Extraordinary rendition does not mean that US does not itself practise torture, even if it tries to avoid doing so on American soil. Some survivors have spoken of an American presence in Egyptian and other torture chambers, which is by no means implausible. As for the black sites, we may one day find out what really goes on over there. What we already know is that contentions to the effect that such tactics are making the world a safer place do not stand up to serious scrutiny. In fact, the reverse is a likelier consequence.
Attempts by the US to cover up the most heinous aspects of its behaviour, meanwhile, suggest that the perpetrators are conscious of their wrongdoing. Which means Harold Pinter might have been slightly off the mark in saying, in his much anticipated lecture upon receiving this year’s Nobel Prize for Literature, that the US “no longer sees any point in being reticent or devious”, even though it is difficult to argue with the overall thrust of the celebrated playwright’s remarks.

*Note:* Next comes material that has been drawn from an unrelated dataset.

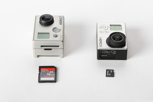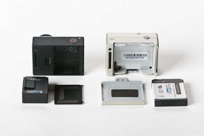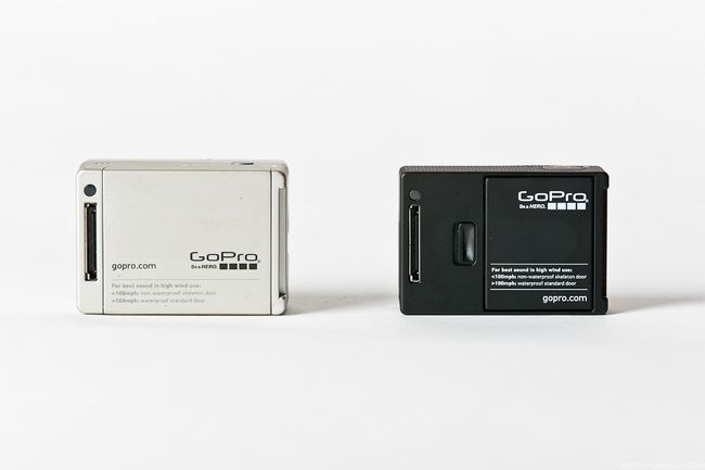 На обратной стороне разместился разъем для аксессуаров - батарейного блока или LCD-экрана. Эти аксессуары от Hero 2 подходят без проблем. Аккумулятор камеры стал компактнее, но емкость литиево-ионного аккумулятора составляет 1050 мА/ч, что на 50 мА/ч меньше, чем у Hero 2. Крышка батарейного отсека тоже пропорционально уменьшилась, и получила новый фиксатор. Также уменьшился формат карты памяти: вместо стандартной SD, третья камера снимает на Micro SD - максимальная емкость карты 64 гб, против 32 у прошлой версии. Все модели Hero третьего поколения получили новую 6-и элементную асферическую оптику. Новый объектив делает картинку более четкой и дает меньшие искажения по краям кадра.

Ill-health prevented Pinter from travelling to Stockholm to personally receive the honour, but he emerged from his hospital bed to record a video that can be viewed over the internet at www.nobelprize.org. It is a remarkable excoriation of US foreign policy in the post-World War II phase, with particular reference to Nicaragua. And, of course, Iraq: he aptly describes the invasion as “a bandit act, an act of blatant state terrorism, demonstrating absolute contempt for the concept of international law”. “How many people,” he asks, “do you have to kill before you qualify as a mass murderer and a war criminal?” Then he goes on to offer the International Criminal Court of Justice the address of a leading suspect: No.10 Downing Street, London.
Not Pennsylvania Avenue in Washington, DC, because the White House occupant has not ratified the court. Unfortunately for him, he cannot de-ratify the American people, the majority of whom have now woken up to the fact that the invasion of Iraq was a mistake, if not a crime. That majority does not include the Democratic Party.
After conservative congressman John Murtha, who is likely to have put up to it by senior military officers, called for an immediate pullout last month, and was supported by House of Representatives minority leader Nancy Pelosi as well as Democratic National Committee chairman Howard Dean, a number of Democrats offered the opinion that this was a dangerous tack that could lose them votes in next year’s congressional elections.
On the available evidence, these lawmakers are behind the times: public opinion is more advanced. They desperately need a wake-up call such as the following: “For misleading the American people and launching the most foolish war since Emperor Augustus in 9 BC sent his legions into Germany and lost them, [George W.] Bush deserves to be impeached and .... put on trial along with the rest of the president’s men. If convicted, they’ll have plenty of time to mull over their sins.”
That quotation comes not from Harold Pinter but from Martin van Creveld, a leading Israeli military historian who happens to be the only non-American whose writings are on the required reading list for US military officers.